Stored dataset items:
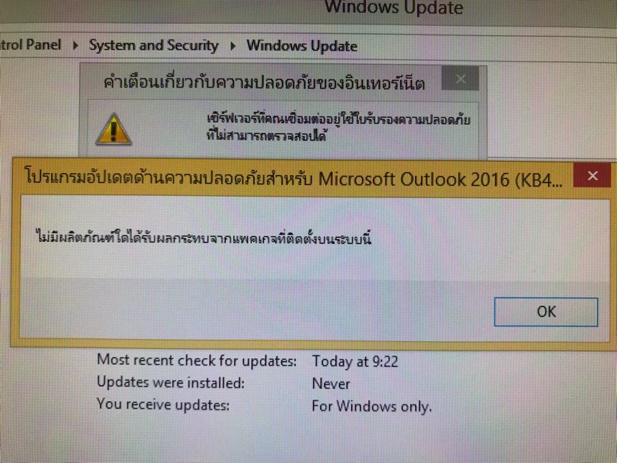 ทุกครั้งที่เปิดหรือรีเฟส outlook2016 จะมีป็อปอัพแจ้งเตือนขึ้นมาทุกรอบ ผมไปโหลดแพทแก้ไขก็ขึ้น”ไม่มีผลิตภัณฆ์ได้รับผลกระทบจากแพ็คเกจที่ติดตั้งบนระบบนี้” ผมจะแก้ไขยังไงไม่ให้ขึ้นแจ้งเตือนแบบในรูปครับ
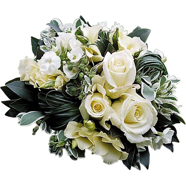 Gerbe piquée blanche avec feuillage et fleurs de saison - Longueur env. 80 cm -
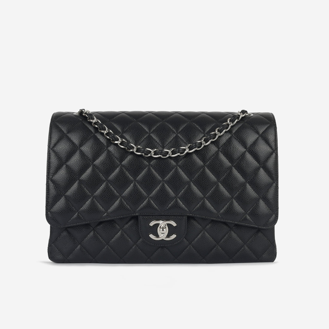 Chanel Classic Maxi Double Flap Black Caviar Silver Hardware (2023)
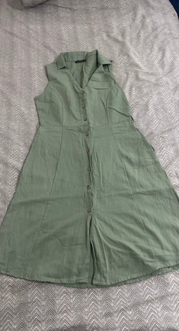 Kolsuz, V yakalı keten elbise, düğmeli ön detaylıdır. Salaş kesimi ve bohem tarzıyla günlük kullanıma uygundur. Yeşil renktedir. Kemeri kayıp
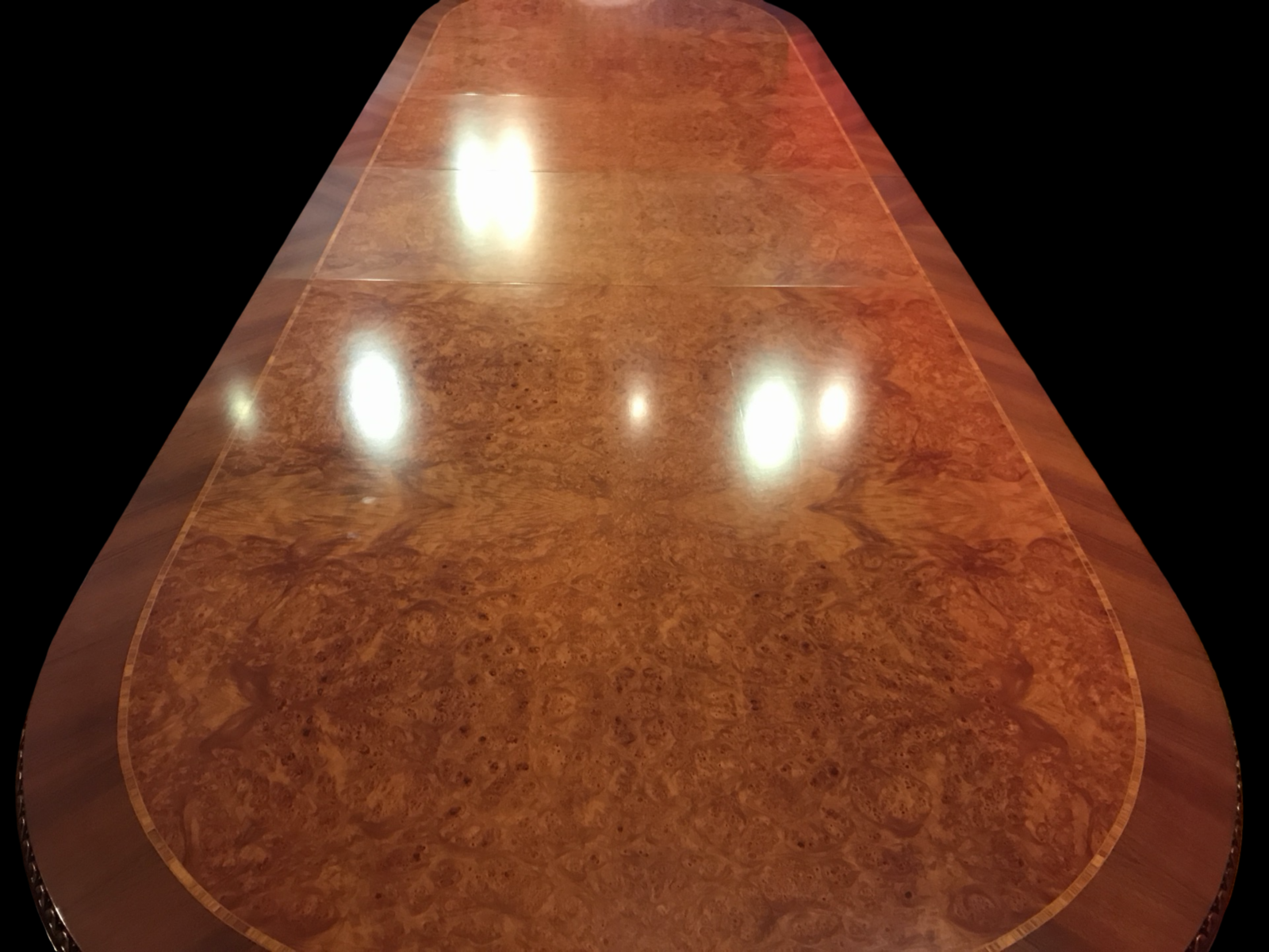 A truly magnificent, world-class Elite bespoke handcrafted Burr Walnut dining table of exceptional scale, beauty and craftsmanship.
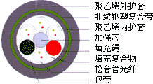 产品型号: GYSTY53也叫(GYTY53) 光纤松套 缆芯填充油膏 金属中芯加强PE内护套 双面涂塑轧纹钢带粘结PE外护套 | ||||
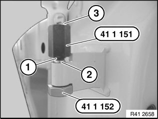 Insert screw 41 1 152 with new hinge bushing (2) into hinge.
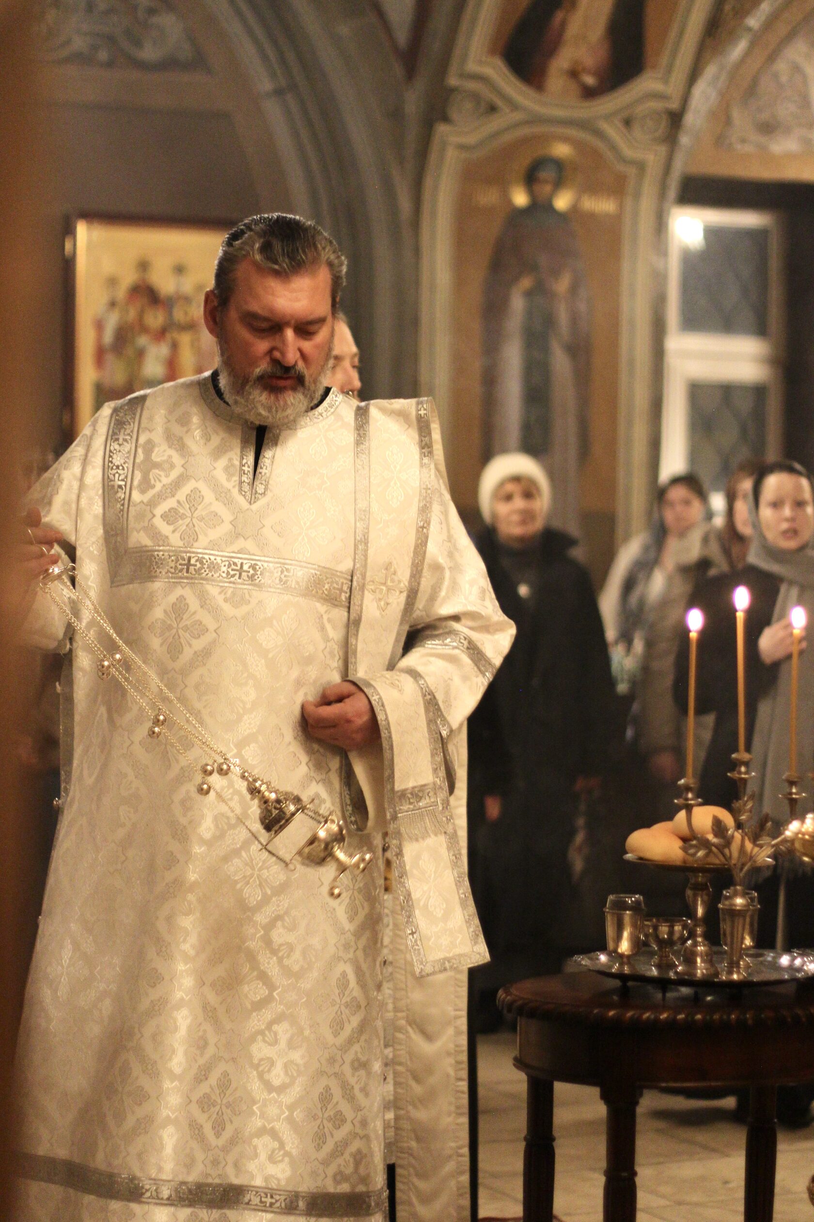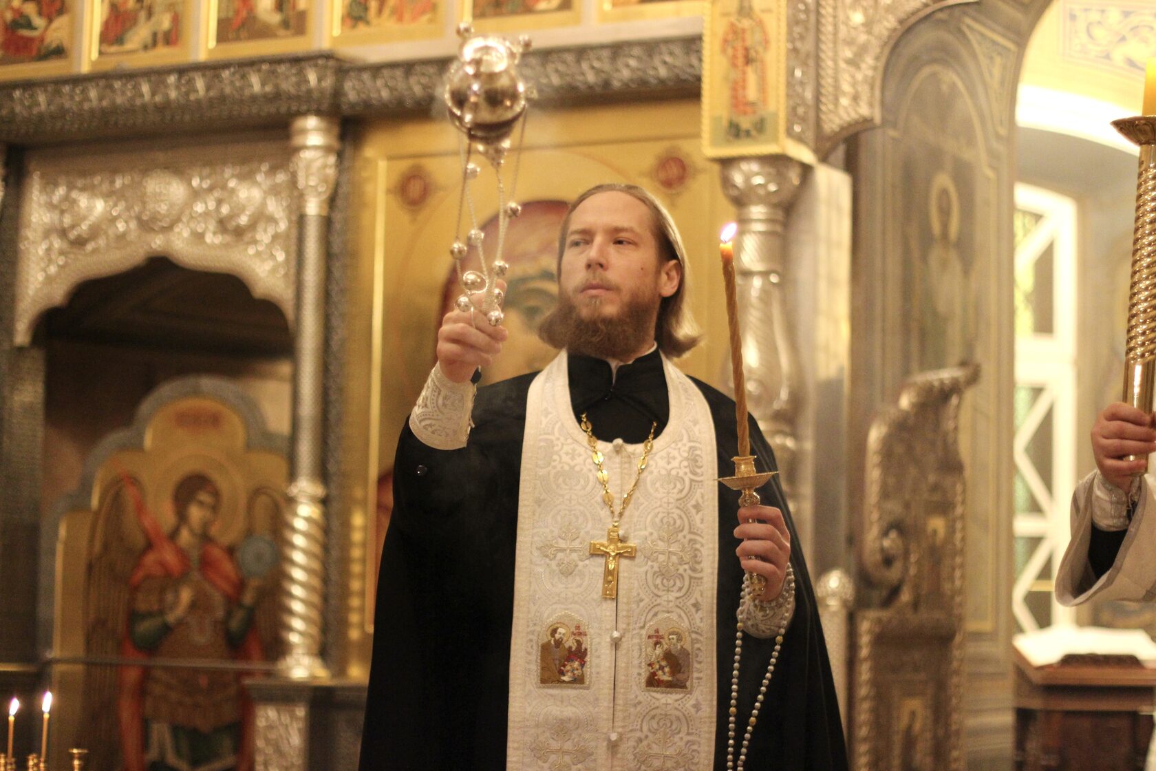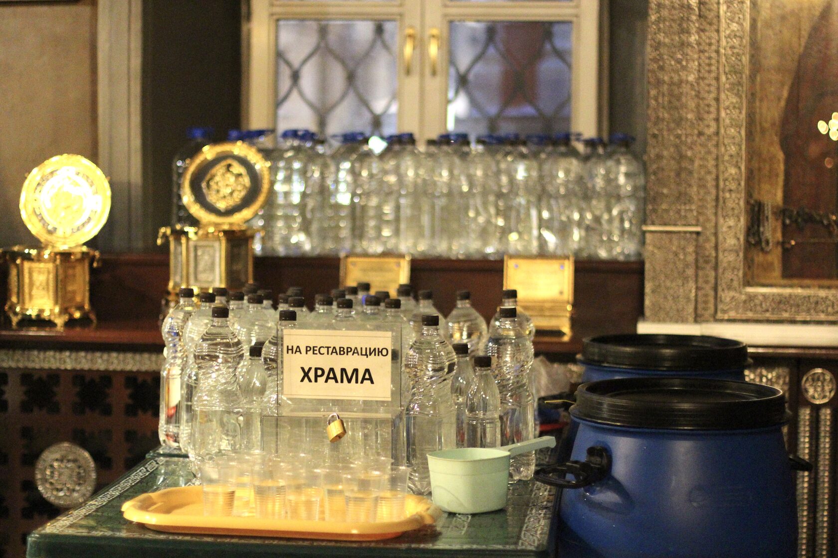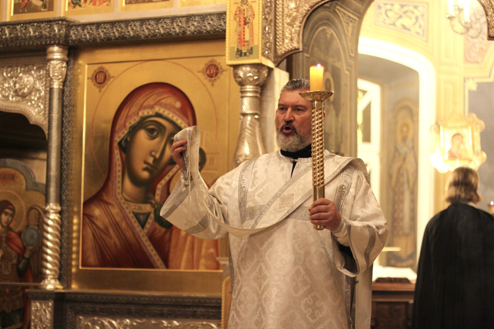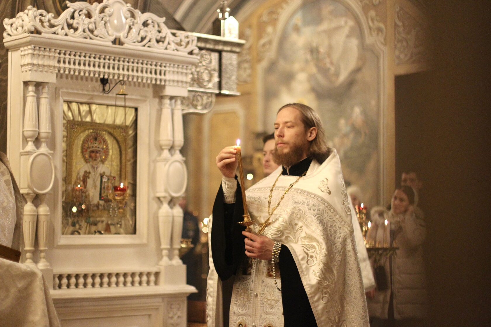 Перевод: Когда Ты, Господи, крестился во Иордане, люди узнали Святую Троицу, потому что голос Бога Отца называл Тебя любимым Сыном, а Дух Святой, в виде голубя, эти слова подтверждал. Ты, Господи, пришел на землю и дал людям свет, слава Тебе.
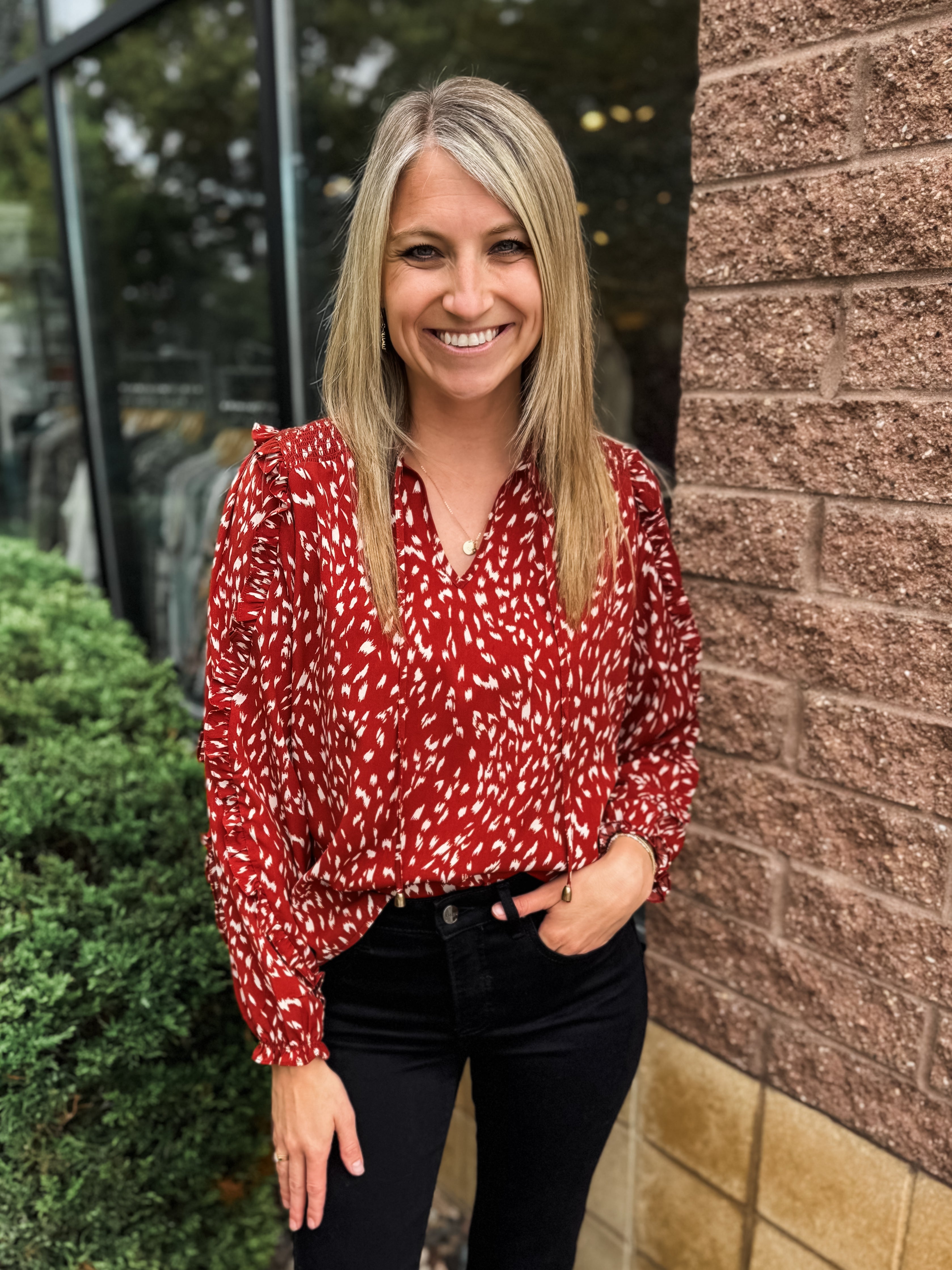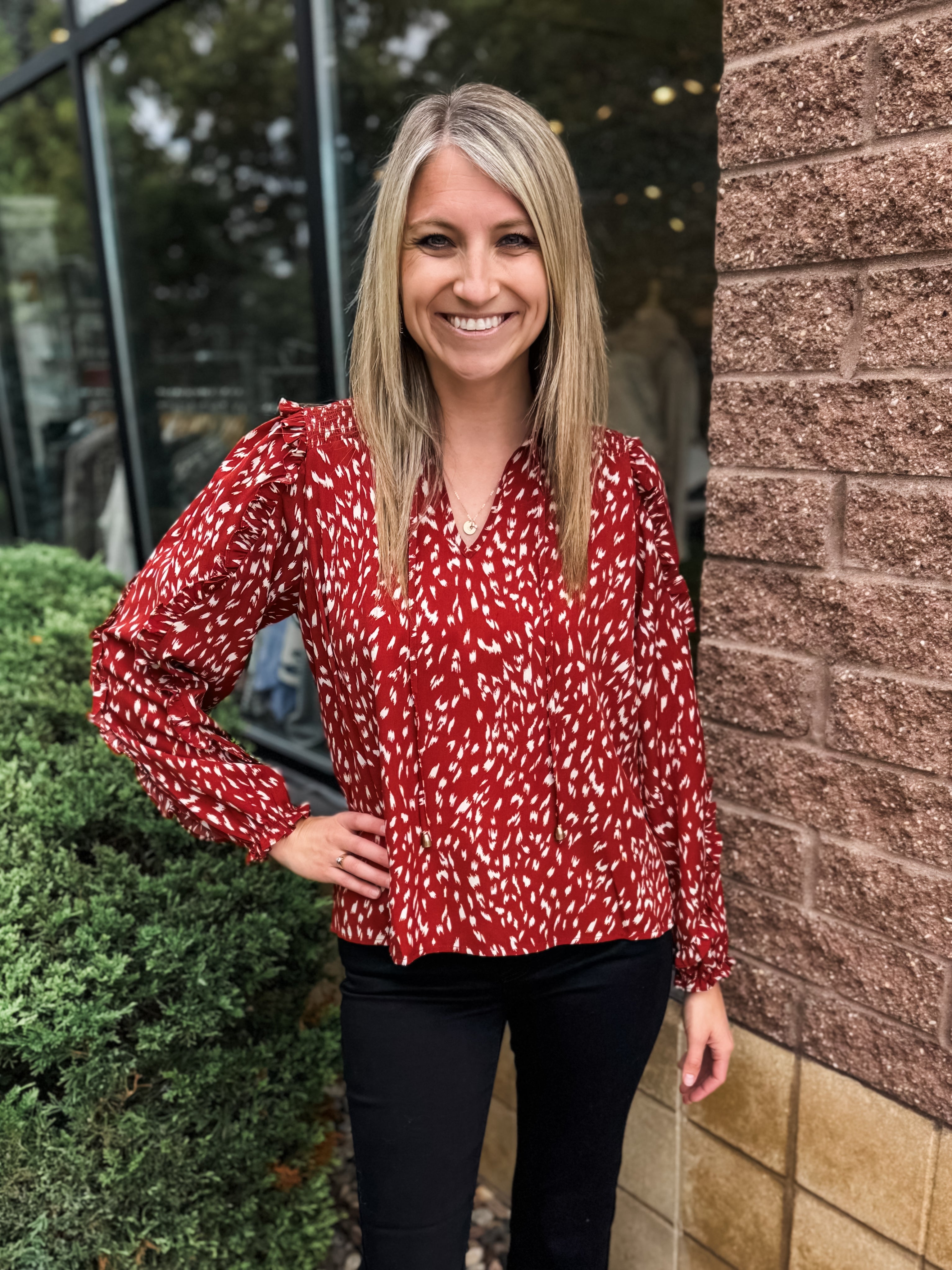 Rust Ruffle Sleeve Blouse With Tie Neck Top

Activity
Among the entries above, take the line with "Kolsuz, V yakalı", the line with "产品型号: GYSTY53也叫(GYTY53) 光纤松套", and all the lines between them, and restate them word for word without pictures.

Exercise solution
 Kolsuz, V yakalı keten elbise, düğmeli ön detaylıdır. Salaş kesimi ve bohem tarzıyla günlük kullanıma uygundur. Yeşil renktedir. Kemeri kayıp
 A truly magnificent, world-class Elite bespoke handcrafted Burr Walnut dining table of exceptional scale, beauty and craftsmanship.
 产品型号: GYSTY53也叫(GYTY53) 光纤松套 缆芯填充油膏 金属中芯加强PE内护套 双面涂塑轧纹钢带粘结PE外护套 | ||||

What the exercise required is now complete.